# Hello from the South East!



## PridetoBe (Nov 3, 2007)

Hello from Florida!

I'm Elizabeth, I'm 22 (almost 23), engaged and mom to a 2yo, pregnant with #2 due April 20th. I'm also soon-to-be stepmom to a little girl & boy (Devon age 9 and Courtney age 6). I'm a full time college student, due to graduate in May 08. I'm a Philosophy major & Psychology minor. 

I've been riding since I was 7, used to show h/j and now ride strictly dressage. I currently own 1.5 horses. Pride, a 6yo rescued Morgan gelding that stands around 15hh. He was an abuse/neglect case and I got him about a month ago. He will never leave my farm. I will be restarting him under saddle after I have my baby..hopefully next May or June.

I also am expecting a Paint foal due February 16th. I am boarding my friend's mare for free for a year in exchange for the foal.
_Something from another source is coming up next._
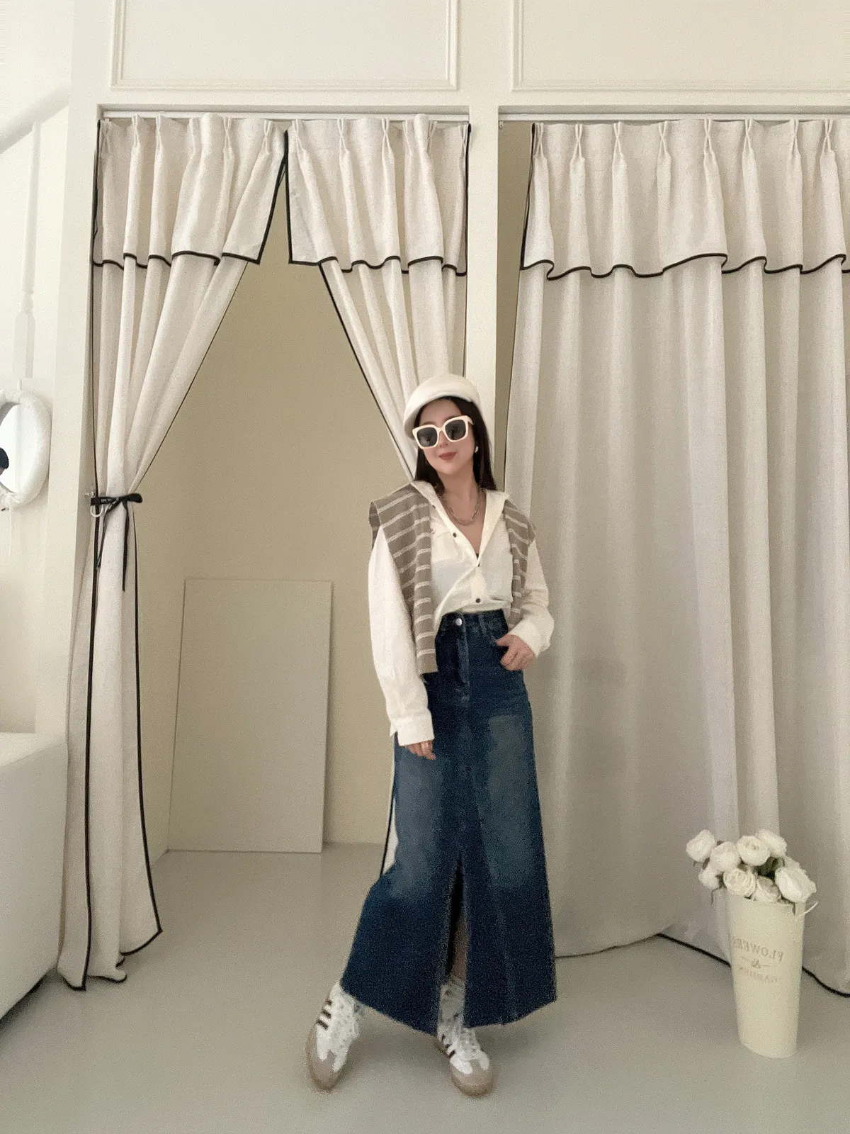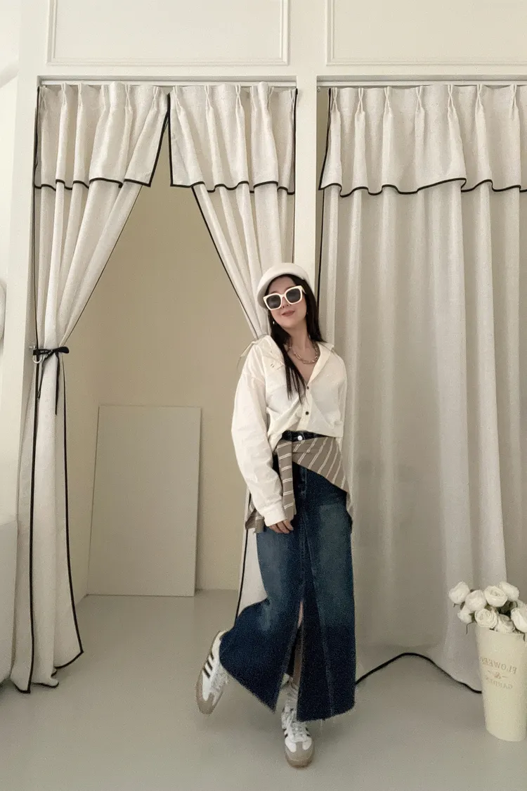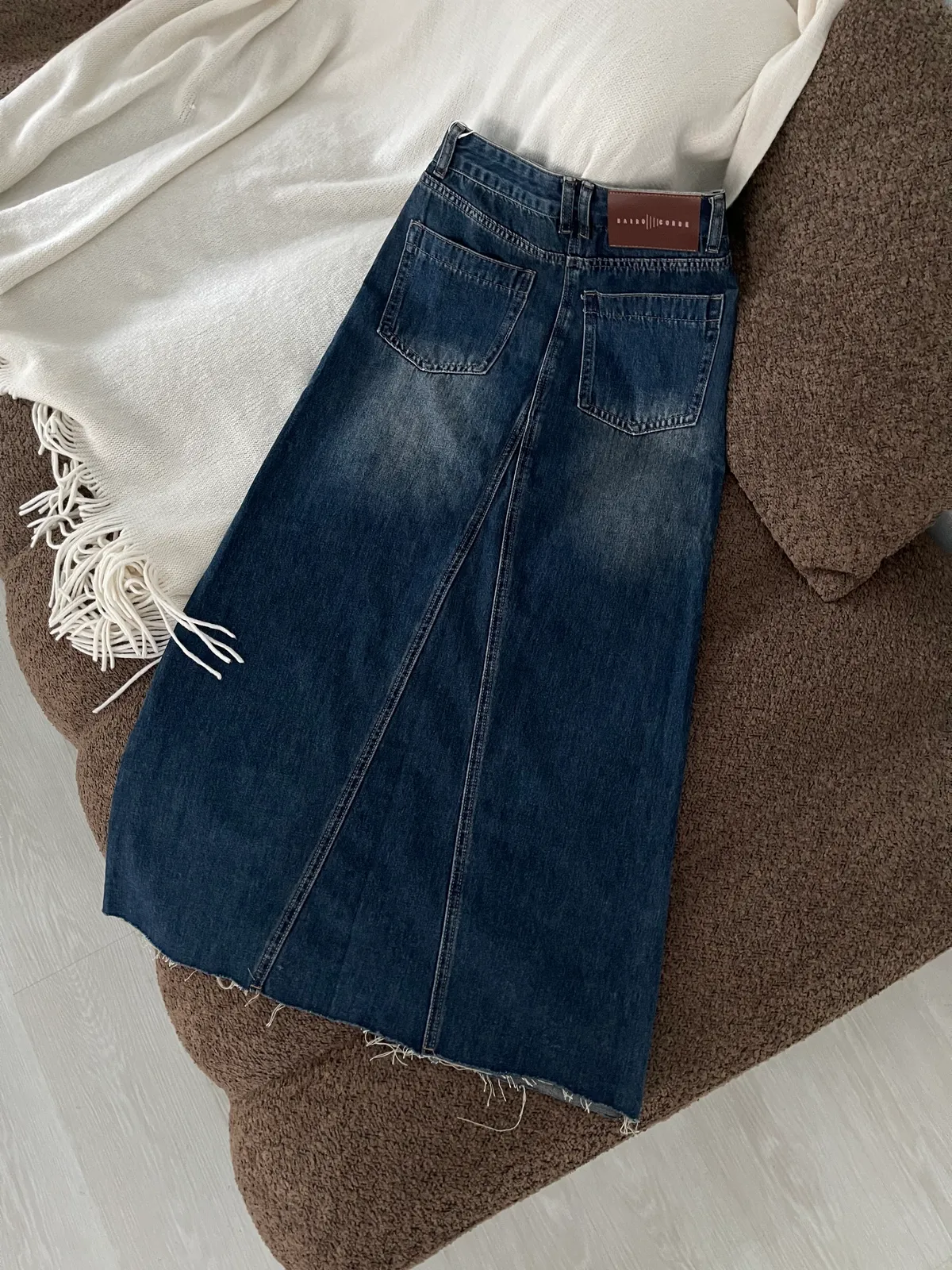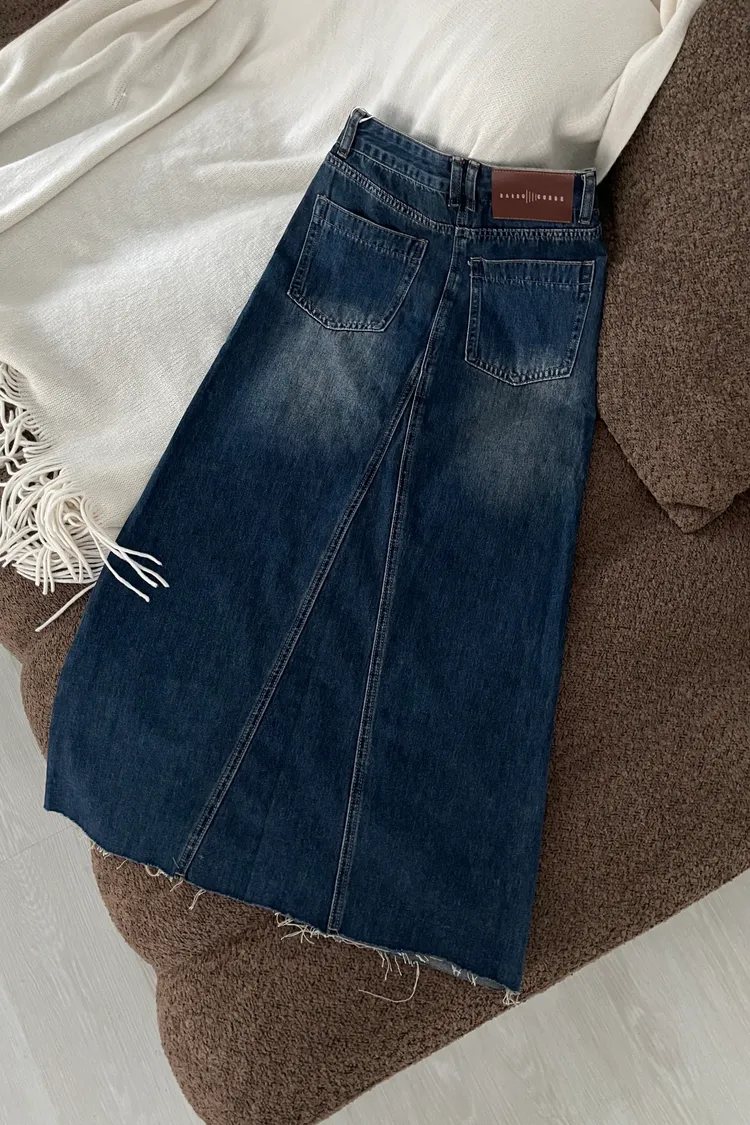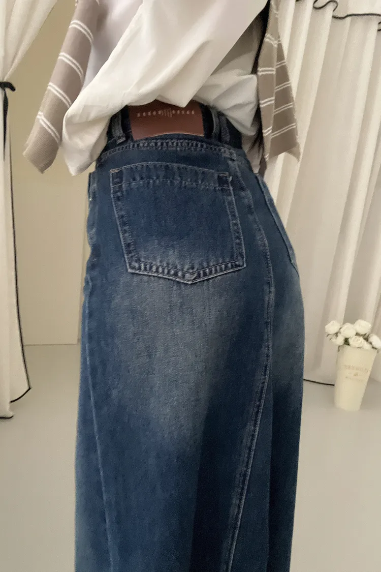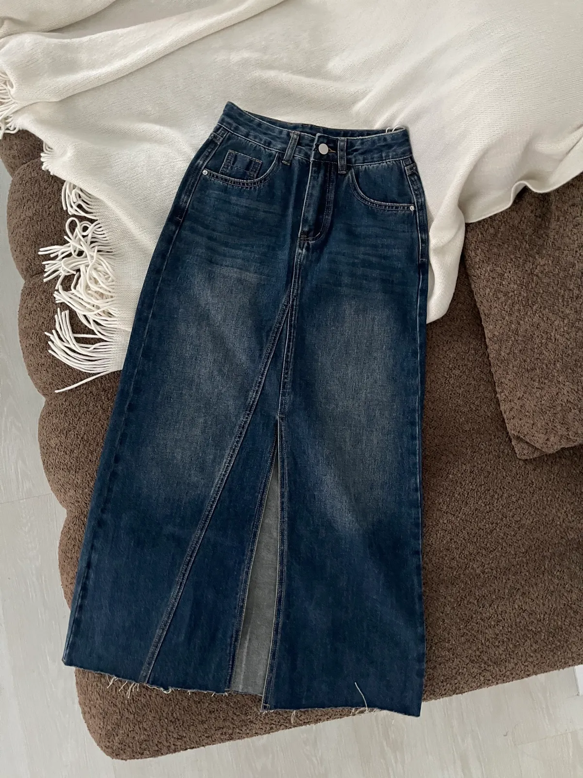 剪裁感✂️刷色前開衩牛仔長裙
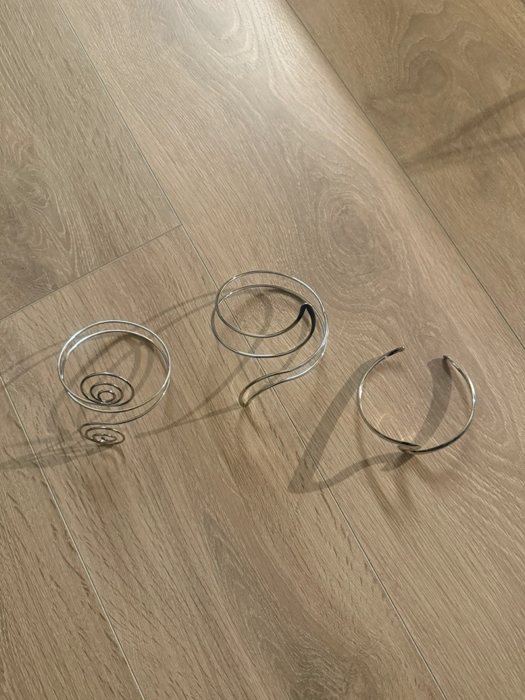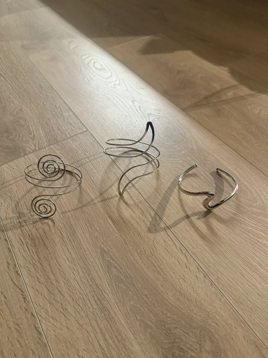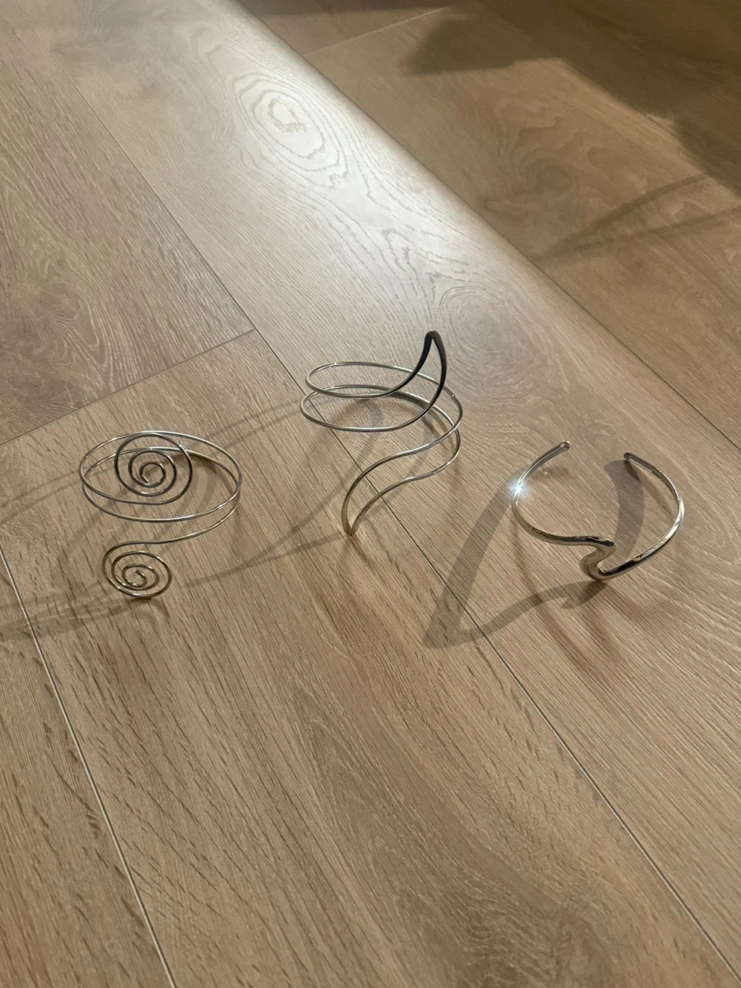 Selling a set of silver arm cuff bracelets. They're in great condition and ready to add a unique touch to your style! Never worn. Selling since im a student.

I am hoping for a colt (i.e. gelding). 

I've attached pictures of Pride (the bay) and Jazz (mom-to-be).


----------



## PoptartShop (Jul 25, 2010)

Welcome to the Horse Forum!! 
Aww congrats, must be exciting (you're pregnant!)!  
Lovely horsies, I'm sure the foal will be gorgeous!!!  It's great you rescued Pride!!!
Have fun posting!


----------